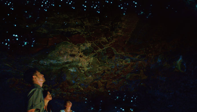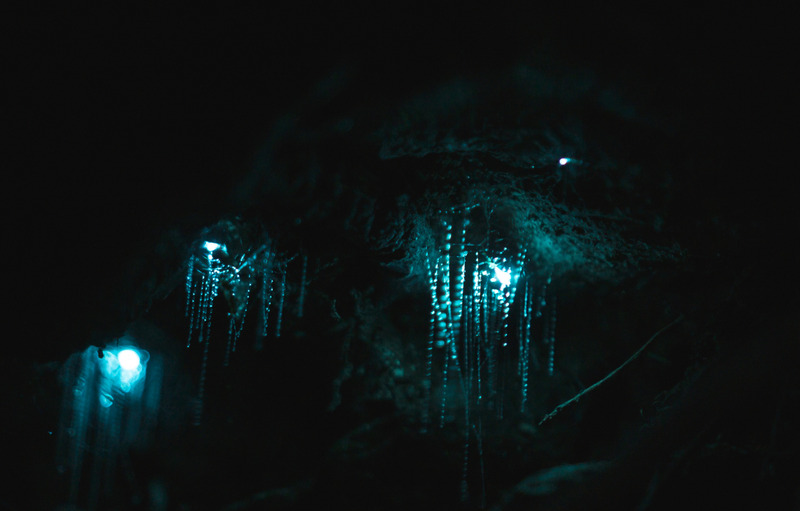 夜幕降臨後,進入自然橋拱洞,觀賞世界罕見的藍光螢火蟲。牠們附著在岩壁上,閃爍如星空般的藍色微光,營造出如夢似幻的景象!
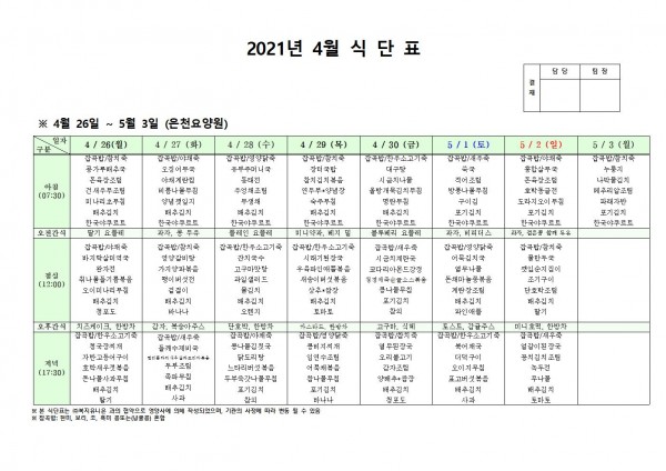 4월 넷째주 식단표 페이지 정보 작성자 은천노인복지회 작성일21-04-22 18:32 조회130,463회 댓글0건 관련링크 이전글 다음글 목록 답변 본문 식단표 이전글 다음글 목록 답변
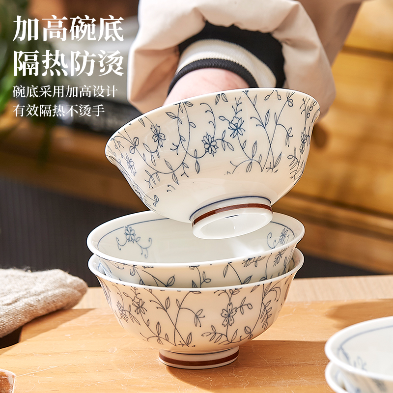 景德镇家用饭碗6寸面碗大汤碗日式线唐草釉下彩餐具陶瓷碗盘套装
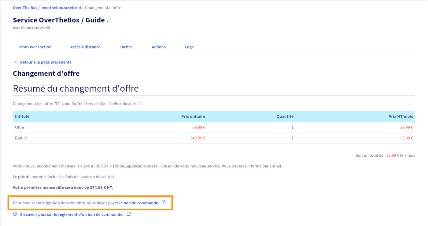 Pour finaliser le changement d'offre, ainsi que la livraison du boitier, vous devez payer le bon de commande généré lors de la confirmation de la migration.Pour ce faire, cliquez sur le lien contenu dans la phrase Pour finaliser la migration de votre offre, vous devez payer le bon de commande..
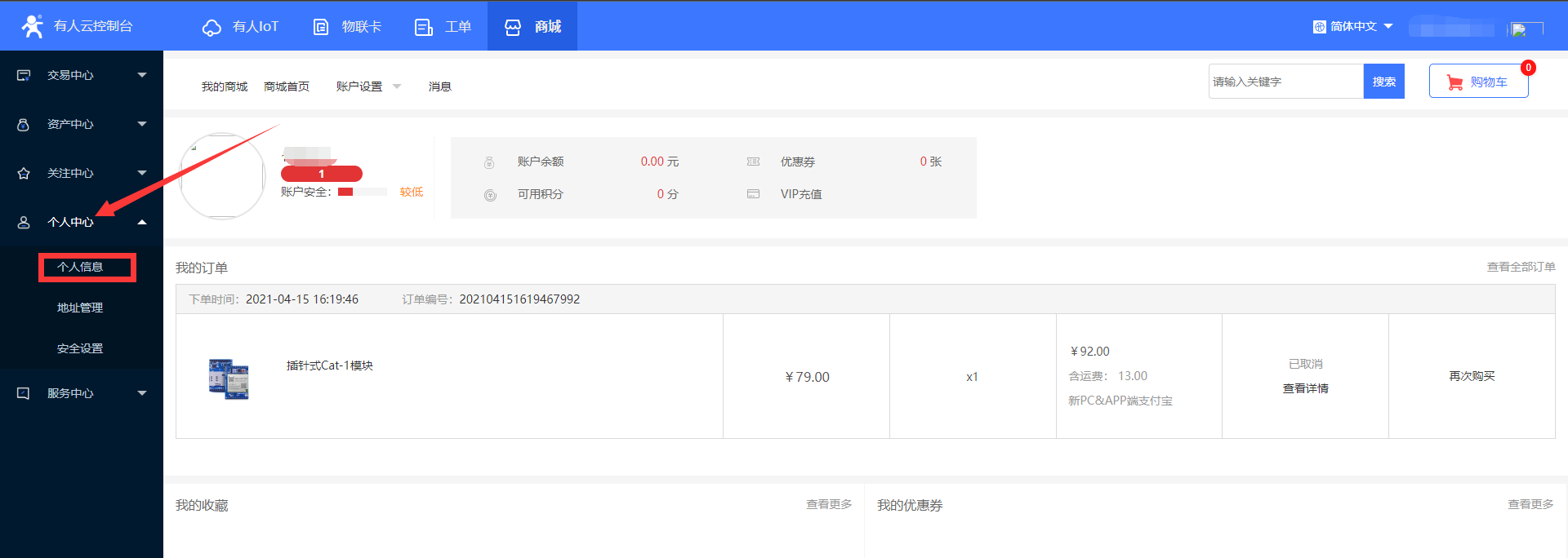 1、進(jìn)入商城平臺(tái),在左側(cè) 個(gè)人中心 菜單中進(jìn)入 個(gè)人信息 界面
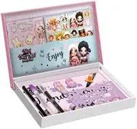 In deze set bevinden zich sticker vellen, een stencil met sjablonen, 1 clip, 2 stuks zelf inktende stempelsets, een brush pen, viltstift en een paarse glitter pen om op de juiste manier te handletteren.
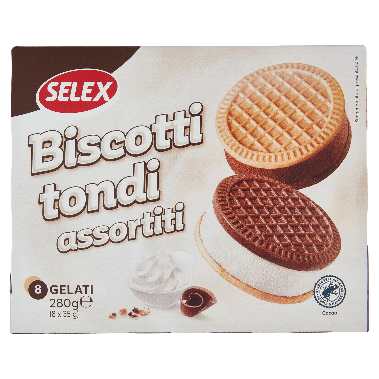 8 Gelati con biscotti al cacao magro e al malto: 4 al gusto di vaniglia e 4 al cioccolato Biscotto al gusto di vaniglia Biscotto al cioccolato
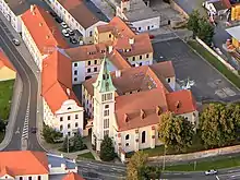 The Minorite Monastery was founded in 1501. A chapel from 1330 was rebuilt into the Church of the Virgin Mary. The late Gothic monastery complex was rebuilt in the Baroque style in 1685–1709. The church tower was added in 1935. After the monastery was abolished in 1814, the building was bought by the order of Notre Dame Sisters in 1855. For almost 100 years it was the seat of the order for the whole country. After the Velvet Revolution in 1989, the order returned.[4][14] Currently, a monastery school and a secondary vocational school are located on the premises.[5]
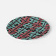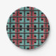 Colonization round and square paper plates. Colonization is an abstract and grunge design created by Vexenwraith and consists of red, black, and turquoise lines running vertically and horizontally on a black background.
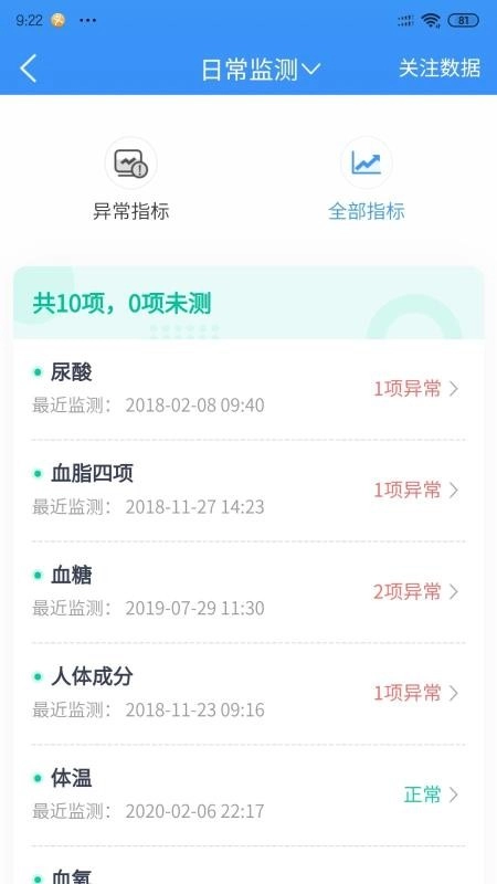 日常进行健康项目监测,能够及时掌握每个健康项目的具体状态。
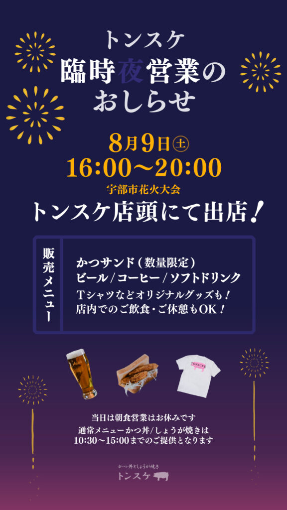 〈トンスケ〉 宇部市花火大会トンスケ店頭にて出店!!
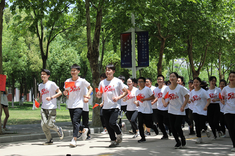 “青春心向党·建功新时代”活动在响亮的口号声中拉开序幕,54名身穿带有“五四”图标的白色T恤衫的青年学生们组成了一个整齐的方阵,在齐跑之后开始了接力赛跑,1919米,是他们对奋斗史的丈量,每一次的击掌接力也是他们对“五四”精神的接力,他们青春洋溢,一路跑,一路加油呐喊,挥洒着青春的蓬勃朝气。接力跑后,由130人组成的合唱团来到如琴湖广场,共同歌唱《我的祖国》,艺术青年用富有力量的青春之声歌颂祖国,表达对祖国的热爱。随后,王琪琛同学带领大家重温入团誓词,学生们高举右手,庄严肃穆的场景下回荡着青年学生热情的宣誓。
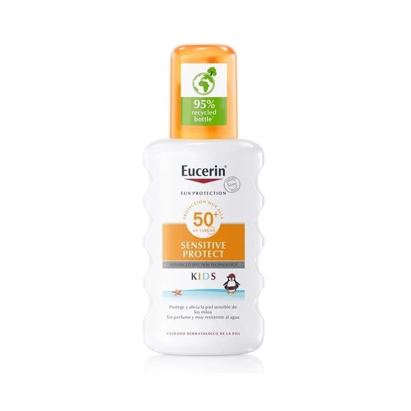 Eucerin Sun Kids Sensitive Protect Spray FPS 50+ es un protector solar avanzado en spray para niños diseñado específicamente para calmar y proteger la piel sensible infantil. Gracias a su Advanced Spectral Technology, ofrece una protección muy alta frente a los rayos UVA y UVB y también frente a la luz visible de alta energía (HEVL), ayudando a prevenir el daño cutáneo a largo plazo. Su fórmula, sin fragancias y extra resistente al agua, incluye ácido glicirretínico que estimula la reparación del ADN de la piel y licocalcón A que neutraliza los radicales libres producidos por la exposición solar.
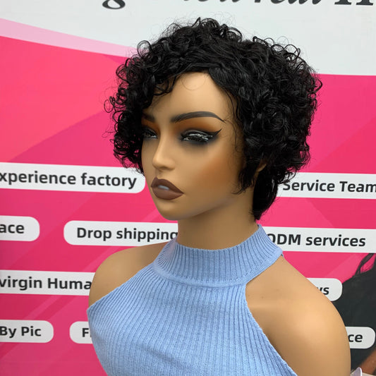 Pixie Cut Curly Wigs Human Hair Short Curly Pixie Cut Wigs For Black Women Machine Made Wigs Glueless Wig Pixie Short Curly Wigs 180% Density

**What is expected:**
Apart from the pictures, return the records exactly.

**Output of the exercise:**
 夜幕降臨後,進入自然橋拱洞,觀賞世界罕見的藍光螢火蟲。牠們附著在岩壁上,閃爍如星空般的藍色微光,營造出如夢似幻的景象!
 4월 넷째주 식단표 페이지 정보 작성자 은천노인복지회 작성일21-04-22 18:32 조회130,463회 댓글0건 관련링크 이전글 다음글 목록 답변 본문 식단표 이전글 다음글 목록 답변
 景德镇家用饭碗6寸面碗大汤碗日式线唐草釉下彩餐具陶瓷碗盘套装
 Pour finaliser le changement d'offre, ainsi que la livraison du boitier, vous devez payer le bon de commande généré lors de la confirmation de la migration.Pour ce faire, cliquez sur le lien contenu dans la phrase Pour finaliser la migration de votre offre, vous devez payer le bon de commande..
 1、進(jìn)入商城平臺(tái),在左側(cè) 個(gè)人中心 菜單中進(jìn)入 個(gè)人信息 界面
 In deze set bevinden zich sticker vellen, een stencil met sjablonen, 1 clip, 2 stuks zelf inktende stempelsets, een brush pen, viltstift en een paarse glitter pen om op de juiste manier te handletteren.
 8 Gelati con biscotti al cacao magro e al malto: 4 al gusto di vaniglia e 4 al cioccolato Biscotto al gusto di vaniglia Biscotto al cioccolato
 The Minorite Monastery was founded in 1501. A chapel from 1330 was rebuilt into the Church of the Virgin Mary. The late Gothic monastery complex was rebuilt in the Baroque style in 1685–1709. The church tower was added in 1935. After the monastery was abolished in 1814, the building was bought by the order of Notre Dame Sisters in 1855. For almost 100 years it was the seat of the order for the whole country. After the Velvet Revolution in 1989, the order returned.[4][14] Currently, a monastery school and a secondary vocational school are located on the premises.[5]
 Colonization round and square paper plates. Colonization is an abstract and grunge design created by Vexenwraith and consists of red, black, and turquoise lines running vertically and horizontally on a black background.
 日常进行健康项目监测,能够及时掌握每个健康项目的具体状态。
 〈トンスケ〉 宇部市花火大会トンスケ店頭にて出店!!
 “青春心向党·建功新时代”活动在响亮的口号声中拉开序幕,54名身穿带有“五四”图标的白色T恤衫的青年学生们组成了一个整齐的方阵,在齐跑之后开始了接力赛跑,1919米,是他们对奋斗史的丈量,每一次的击掌接力也是他们对“五四”精神的接力,他们青春洋溢,一路跑,一路加油呐喊,挥洒着青春的蓬勃朝气。接力跑后,由130人组成的合唱团来到如琴湖广场,共同歌唱《我的祖国》,艺术青年用富有力量的青春之声歌颂祖国,表达对祖国的热爱。随后,王琪琛同学带领大家重温入团誓词,学生们高举右手,庄严肃穆的场景下回荡着青年学生热情的宣誓。
 Eucerin Sun Kids Sensitive Protect Spray FPS 50+ es un protector solar avanzado en spray para niños diseñado específicamente para calmar y proteger la piel sensible infantil. Gracias a su Advanced Spectral Technology, ofrece una protección muy alta frente a los rayos UVA y UVB y también frente a la luz visible de alta energía (HEVL), ayudando a prevenir el daño cutáneo a largo plazo. Su fórmula, sin fragancias y extra resistente al agua, incluye ácido glicirretínico que estimula la reparación del ADN de la piel y licocalcón A que neutraliza los radicales libres producidos por la exposición solar.
 Pixie Cut Curly Wigs Human Hair Short Curly Pixie Cut Wigs For Black Women Machine Made Wigs Glueless Wig Pixie Short Curly Wigs 180% Density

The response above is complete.